Blog by the Media Technologies research group (GTM). Researching interactions between humans, machines and their environments.

13 July 2013 | Posted by Editorial Team GTM

New article published in the Journal of Acoustical Society of America

A  new scientific paper, resulted from the collaboration between the Acoustics group and the Human Computer Interaction group of La Salle R&D,  has been published in the Journal of Acoustical Society of America this month.

The article, coauthored by Xavier Valero and Francesc Alías, proposes a novel signal feature extraction technique inspired by human perception for the automatic recognition of acoustic environments.

 

Title: “Narrow-band Autocorrelation function features for the automatic recognition of acoustic environments”

Published in: Journal of the Acoustical Society of America, vol. 134, issue 1, pp. 880-890.

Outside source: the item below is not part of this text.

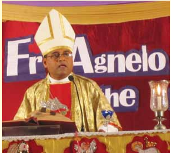
The Bishop Delivers Homily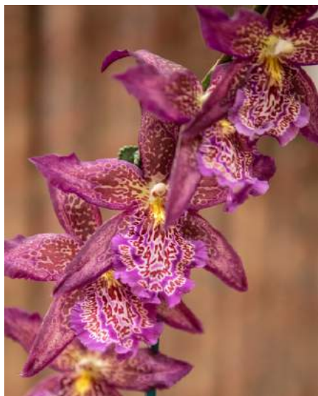
Oncidium Species & Hybrids

Abstract: Acoustic environments are typically composed of multiple sound sources of different typologies, making them especially complex to model and parameterize. To develop an automatic acoustic environment recognition system, this work proposes a spectro-temporal signal parameterization technique inspired by human perception. The proposed parameters are derived from the analysis of the autocorrelation function of narrow-band signals (NB-ACF) obtained from an auditory gammatone filter bank. Five features related to acoustic phenomena are extracted from the NB-ACF to parameterize sound signals. Experiments are conducted on a 4 h sound database (composed of 15 different acoustic environments) employing four different machine learning techniques: K-nearest neighbor, Gaussian mixture models, neural networks and support vector machines. The averaged recognition rates increase by 4.5% when using the proposed NB-ACF features instead of the popular Mel frequency cepstral coefficients. The improvement is even greater (5.6%) when the features are tested in acoustic environments from unknown locations. These results are attributed to the better modeling of the acoustic environments thanks to the complementarity of the spectro-temporal features derived from NB-ACF analysis.